We saw tech leaders like Google and Twitter take early action by asking employees to work from home in late February and early March.

Social influence is a powerful psychological tool. If your company is taking smart precautions to fight the pandemic, you may be able to influence others to do the same. For instance, Salesforce CEO Marc Benioff announced that his company was making Salesforce Health Cloud available for free to any health system affected by the virus. Hopefully, it’ll encourage other companies to pitch in however they can.

Helping the cause can also be as simple as encouraging people to work from home, as Web Summit founder Paddy Cosgrove did. He also modeled an empathetic and caring approach for reaching out to employees.

At Contently, we’re practicing what we preach.

3. Turn your in-person events virtual and interactive

We had an in-person Customer Advisory Board (CAB) event planned for May. Once we heard customers had travel restrictions in place, we decided to make it a virtual event instead of canceling it. Since then, we’ve been thinking about how to make it as interactive as possible.

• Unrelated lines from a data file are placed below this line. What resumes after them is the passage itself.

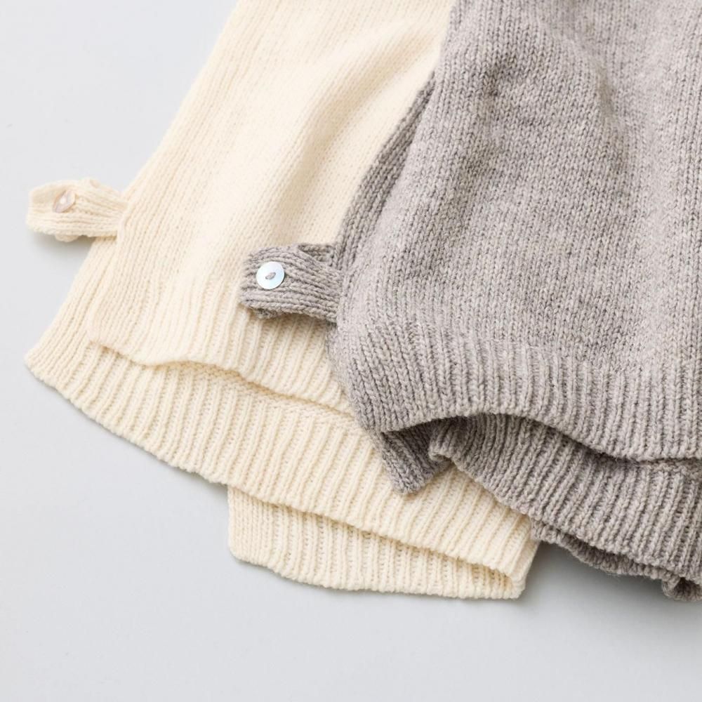 グレージュは、ベージュのやさしさとグレーの落ち着きを兼ね備え、さまざまなスタイルに自然に溶け込むカラーです。糸はミックス糸を使用しているため、編み地に自然な表情が生まれ、奥行きのある仕上がりに。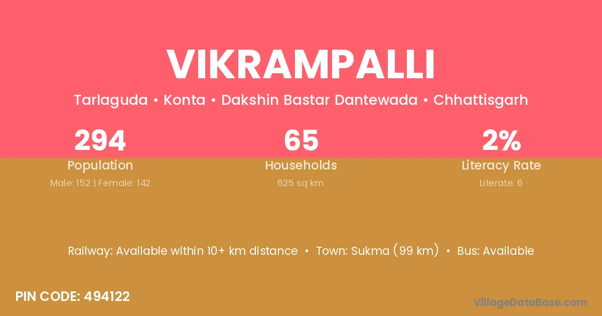 Sukma (99 km) is the nearest town to Vikrampalli village for major economic activities and is located approximately 99 km away.
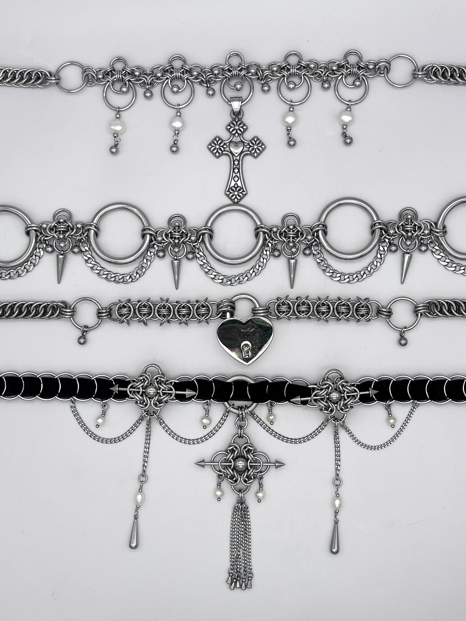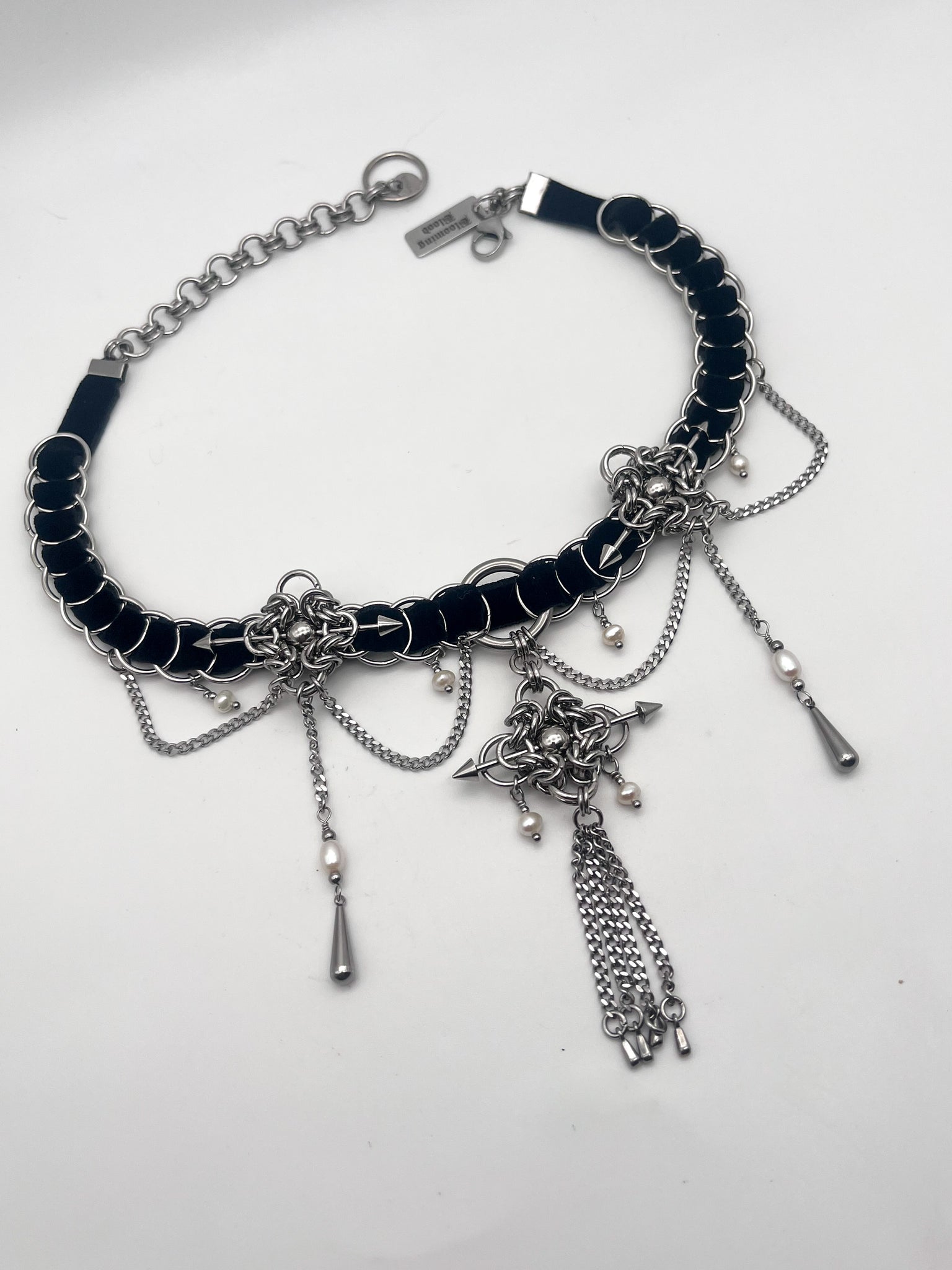 Hand made chain mail choker. Featuring a red interwoven velvet band, hand beaded fresh water pearls, a tassel, hanging chains, and spiked barbels.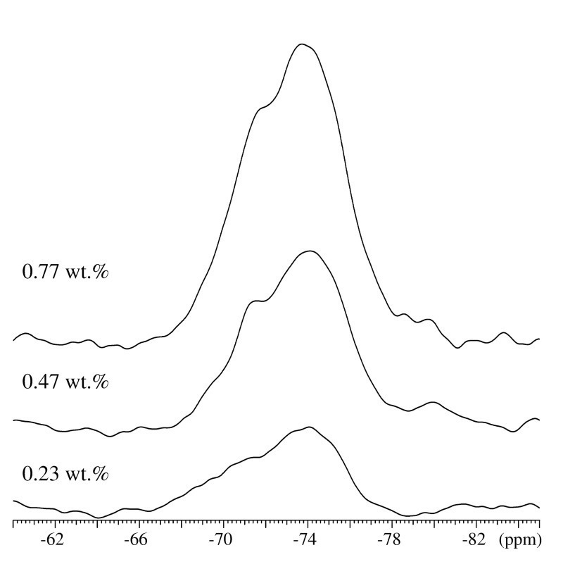 Die Erhöhung des Fluorgehaltes durch Zugabe von CaF2 zum Klinker, gefolgt von einem zweiten Brennvorgang, erhöht auch die Intensität der 19F-Resonanzen bei –115 ppm, was zeigt, dass die Fluor-Ionen in die Klinkerphasen aufgenommen wurden, da die CaF2-Resonanz bei d (19F) = –105,9 ppm liegt.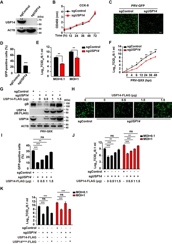 泛素特异性蛋白酶 (Ubiquitin-specific proteases, USPs) 是去泛素化酶中最大的亚家族,在免疫和感染性疾病中发挥重要功能。为了研究USP在α疱疹病毒复制中的作用,作者评估了13种USP抑制剂对PRV复制的影响。结果显示13种USP抑制剂均可抑制PRV增殖,其中USP14抑制剂b-AP15的抑制效果最显著,同时敲除USP14也能抑制PRV增殖(图1)。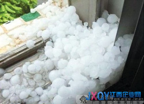 玉林訊3月20日晚上,容縣、陸川縣和北流市的一些鄉鎮突然下起了冰雹,整個過程大約持續了半個小時,大的像雞蛋,小的也有拇指大。冰雹把當地不少瓦房屋頂砸穿了,打傷了很多秧苗。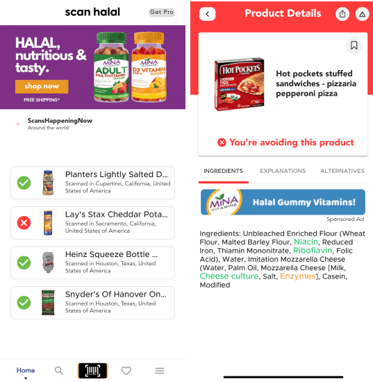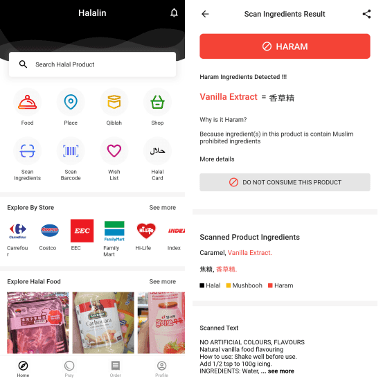 Scan Halal has a bar code scanner that you can use to scan food packets for their halal status. This app has a freemium version and if you upgrade then it will even let you find halal alternatives for non-halal food items or ingredients. Just like Halalin above, this app has a food explorer which you can use to find halal products to consume.

The last thing anyone wants to do is sit through a three-hour webinar. The real value is learning from other marketing leaders on the board in a safe and intimate setting, and bonding with each other through discussions and exercises.

How do you recreate that online? We started with big ambitions by looking at VR platforms like Spatial … and then realized that buying everyone an Oculus was not budget-friendly.

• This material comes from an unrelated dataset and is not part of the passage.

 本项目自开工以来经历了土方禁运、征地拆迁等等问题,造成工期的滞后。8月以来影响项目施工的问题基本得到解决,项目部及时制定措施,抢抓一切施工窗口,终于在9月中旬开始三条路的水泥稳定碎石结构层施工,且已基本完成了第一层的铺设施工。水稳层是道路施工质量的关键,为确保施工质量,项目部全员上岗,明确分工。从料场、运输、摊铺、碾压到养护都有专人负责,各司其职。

Instead, we asked our customers to vote on the topics we’ll cover. We’re having them lead the event with bite-sized share-outs. To make the event as fun and interactive as possible, we’re figuring out how to combo On24, Zoom, and online gaming tools. We still want people to bond, even if they’re 3,000 miles away. We also dug into helpful content and webinars that companies like BrightTALK have published to guide marketers who want to create engaging virtual events.

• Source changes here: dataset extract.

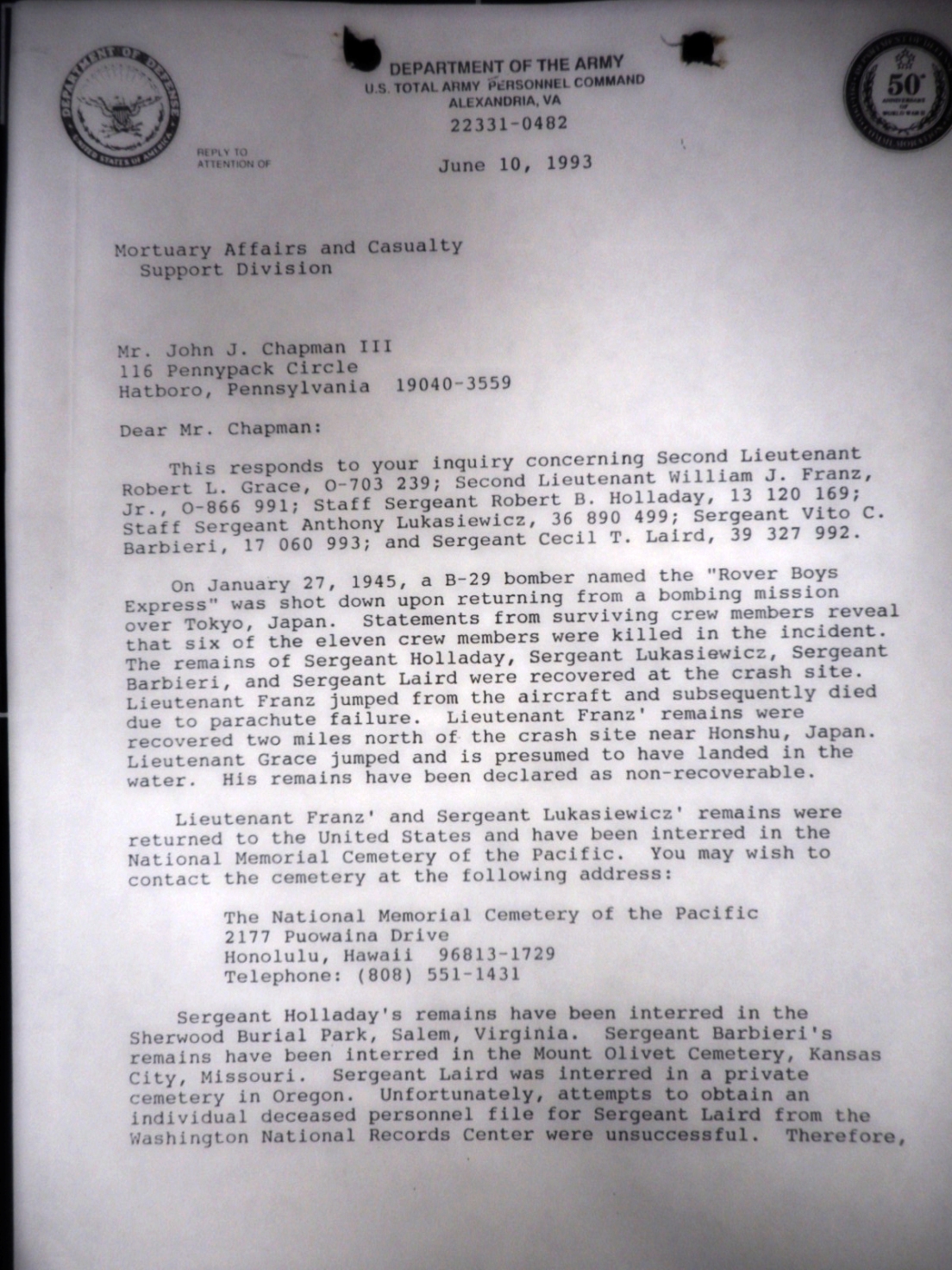 below is a letter written to Mr Chapman in 1993.

A lot of this is still half-baked, and some of it may fail. But we’re embracing it as an opportunity to experiment, innovate, and keep the joy and spirit of an in-person event alive.

4. Keep your team engaged and connected

Since Contently decided to encourage employees to work from home, I’ve been thinking about how to keep my team connected in these unusual circumstances. Resources like Basecamp’s Remote: Office Not Required and Doist’s Remote Work Guides have served as great examples of how to keep employees together even when they’re not sharing the same space.

We’ve already put a few plans in place:

  • Encouraging video for every meeting if possible so we don’t lose that face-to-face nuance
  • Planning virtual team lunches
  • Ensuring that everyone has all the tools they need, from VPNs to monitors

Our CEO Pearl Collings is even planning to keep her Zoom on 24/7 (or close to it) as a sort of virtual conference room so employees can pop in.

5. Lean into digital education as both a student and teacher

I had a phone session with my therapist yesterday, and as usual, we were talking about my frenetic anxiety, which has settled at a high simmer over the pandemic.

He recommended that I get off Twitter and apply my energy somewhere productive, like learning a new skill. (I’m going to finally take my friend Shane’s course on unlocking your team’s potential.)

I think a lot of people are going to have this instinct in the coming months, and the demand for digital education is going to grow—especially as conferences, workshops, and other in-person educational events get canceled or postponed.

What knowledge do you hold that you can share? There’s a lot you can do from home. As series like Moz’s Whiteboard Fridays have taught us, there’s a lot you can accomplish with an iPhone, some basic visuals, a good host, and a tight script.

With fewer meetings, this could be an opportunity to teach new marketing skills to your co-workers remotely over Zoom. Life and personal growth shouldn’t stop—even if it sometimes feels that way to a neurotic, news-addicted people like me. No matter what’s going on around us, education, entertainment, and storytelling will remain the way we stay connected to each other.